## Exercise requirements
Return only the lines of the data below from the line with "תליון לב מזהב" up to and including the line with "A közel negyven", exactly as written, with the pictures omitted.

## Records shown
# # #
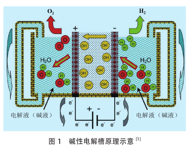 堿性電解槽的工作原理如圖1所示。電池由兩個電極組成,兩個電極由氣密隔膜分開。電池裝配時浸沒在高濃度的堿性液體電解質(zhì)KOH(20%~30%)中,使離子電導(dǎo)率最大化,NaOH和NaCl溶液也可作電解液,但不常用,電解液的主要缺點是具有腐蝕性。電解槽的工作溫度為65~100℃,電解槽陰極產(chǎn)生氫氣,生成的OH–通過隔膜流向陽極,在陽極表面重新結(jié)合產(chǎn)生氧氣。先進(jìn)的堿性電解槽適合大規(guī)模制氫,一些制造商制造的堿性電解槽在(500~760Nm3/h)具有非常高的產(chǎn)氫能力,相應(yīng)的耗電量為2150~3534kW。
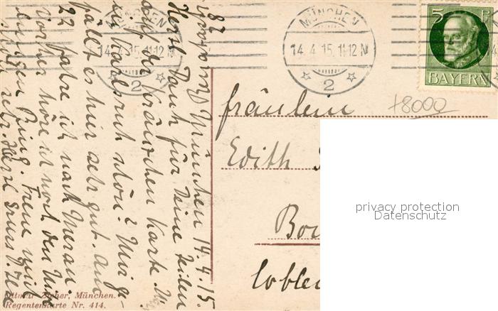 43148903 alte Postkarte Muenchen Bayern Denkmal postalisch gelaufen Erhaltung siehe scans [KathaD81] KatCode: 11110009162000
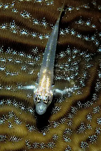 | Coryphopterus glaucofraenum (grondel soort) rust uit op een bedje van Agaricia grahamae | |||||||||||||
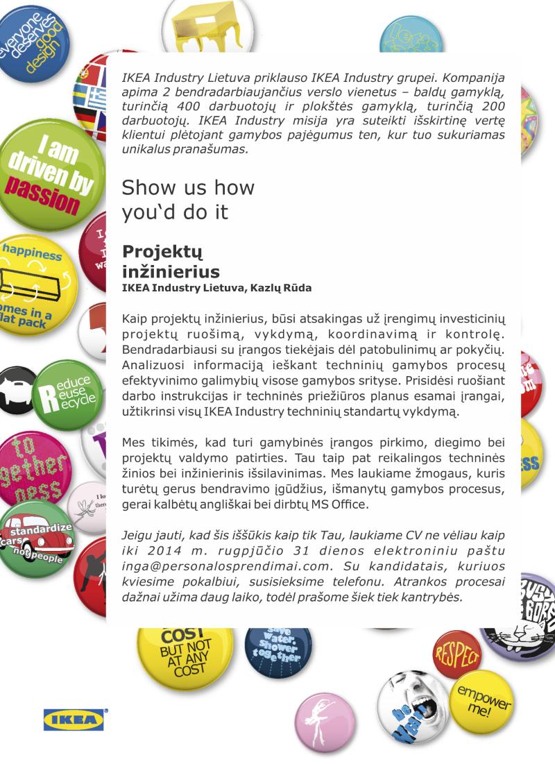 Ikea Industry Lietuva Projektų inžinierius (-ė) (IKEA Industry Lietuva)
# # #
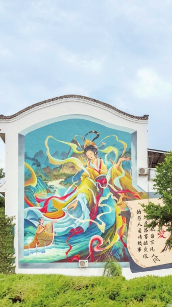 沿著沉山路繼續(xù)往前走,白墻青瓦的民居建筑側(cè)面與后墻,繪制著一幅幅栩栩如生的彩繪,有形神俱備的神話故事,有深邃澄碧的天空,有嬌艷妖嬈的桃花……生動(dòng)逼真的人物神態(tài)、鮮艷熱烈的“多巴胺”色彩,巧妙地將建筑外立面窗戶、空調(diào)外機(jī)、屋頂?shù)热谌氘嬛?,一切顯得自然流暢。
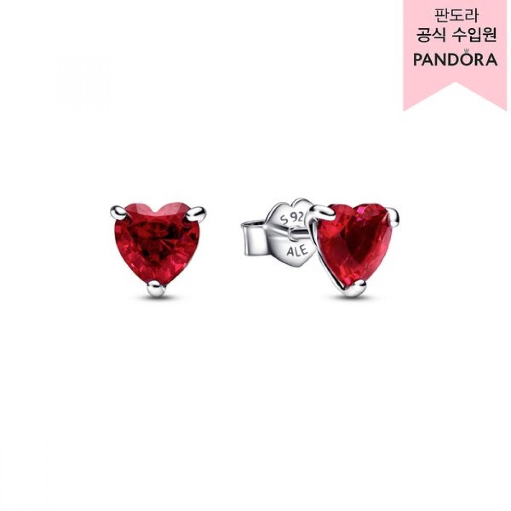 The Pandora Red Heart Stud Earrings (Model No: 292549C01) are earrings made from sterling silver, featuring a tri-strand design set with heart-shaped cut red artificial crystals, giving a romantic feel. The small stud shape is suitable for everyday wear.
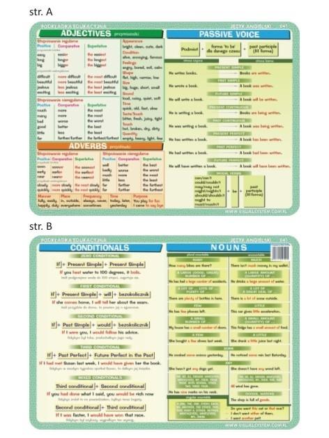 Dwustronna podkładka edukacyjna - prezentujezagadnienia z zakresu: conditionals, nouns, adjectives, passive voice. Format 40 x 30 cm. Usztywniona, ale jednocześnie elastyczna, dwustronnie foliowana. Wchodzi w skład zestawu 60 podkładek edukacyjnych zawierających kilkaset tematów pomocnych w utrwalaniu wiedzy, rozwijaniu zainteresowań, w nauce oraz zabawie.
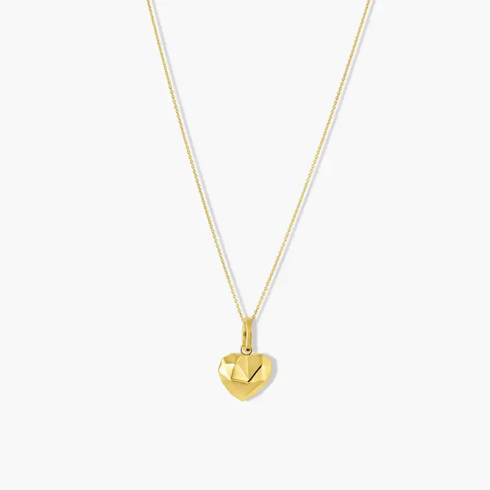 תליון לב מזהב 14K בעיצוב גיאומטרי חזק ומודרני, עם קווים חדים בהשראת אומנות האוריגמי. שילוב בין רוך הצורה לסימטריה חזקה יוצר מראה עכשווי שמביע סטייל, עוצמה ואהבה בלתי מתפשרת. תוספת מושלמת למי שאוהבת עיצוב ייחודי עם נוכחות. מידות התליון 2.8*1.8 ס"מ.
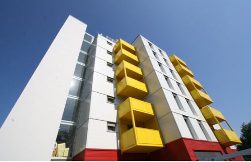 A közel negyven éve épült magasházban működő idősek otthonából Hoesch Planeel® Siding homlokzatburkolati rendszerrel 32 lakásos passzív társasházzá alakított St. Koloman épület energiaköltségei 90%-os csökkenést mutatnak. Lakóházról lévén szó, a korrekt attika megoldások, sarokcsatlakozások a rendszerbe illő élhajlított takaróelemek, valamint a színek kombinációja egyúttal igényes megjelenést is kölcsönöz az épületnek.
# # #
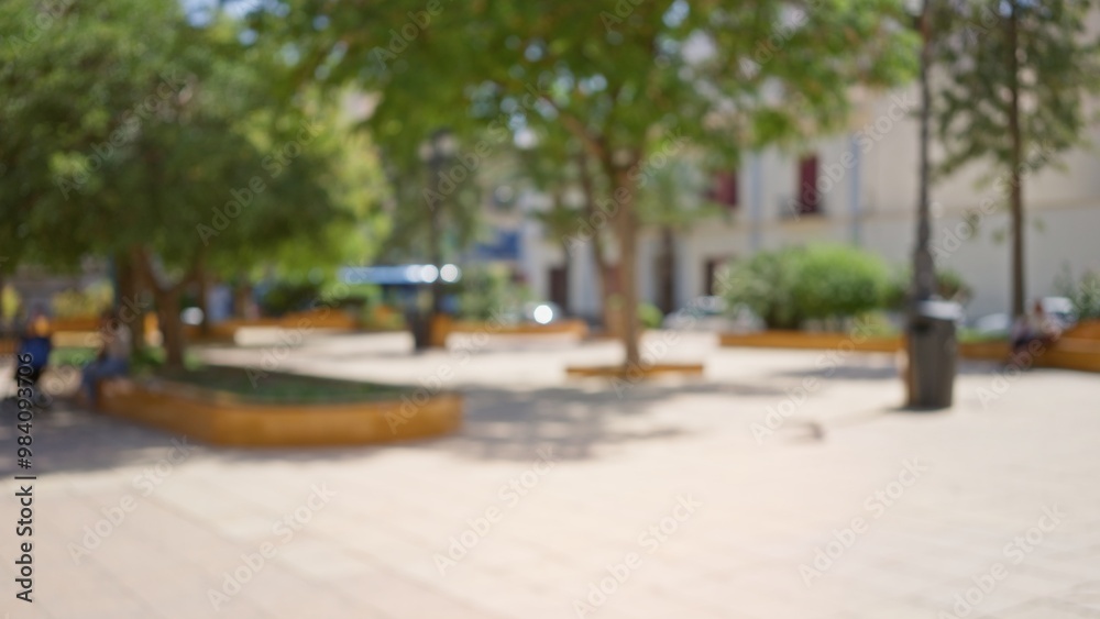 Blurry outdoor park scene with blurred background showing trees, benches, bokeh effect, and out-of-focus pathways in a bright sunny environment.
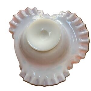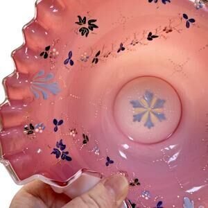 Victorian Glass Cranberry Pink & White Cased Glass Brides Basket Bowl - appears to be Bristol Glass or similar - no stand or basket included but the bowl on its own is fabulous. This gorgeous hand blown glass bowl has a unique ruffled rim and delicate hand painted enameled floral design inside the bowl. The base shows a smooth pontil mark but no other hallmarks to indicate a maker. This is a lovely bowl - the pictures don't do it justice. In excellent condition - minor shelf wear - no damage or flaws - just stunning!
# # #
## Result
 תליון לב מזהב 14K בעיצוב גיאומטרי חזק ומודרני, עם קווים חדים בהשראת אומנות האוריגמי. שילוב בין רוך הצורה לסימטריה חזקה יוצר מראה עכשווי שמביע סטייל, עוצמה ואהבה בלתי מתפשרת. תוספת מושלמת למי שאוהבת עיצוב ייחודי עם נוכחות. מידות התליון 2.8*1.8 ס"מ.
 A közel negyven éve épült magasházban működő idősek otthonából Hoesch Planeel® Siding homlokzatburkolati rendszerrel 32 lakásos passzív társasházzá alakított St. Koloman épület energiaköltségei 90%-os csökkenést mutatnak. Lakóházról lévén szó, a korrekt attika megoldások, sarokcsatlakozások a rendszerbe illő élhajlított takaróelemek, valamint a színek kombinációja egyúttal igényes megjelenést is kölcsönöz az épületnek.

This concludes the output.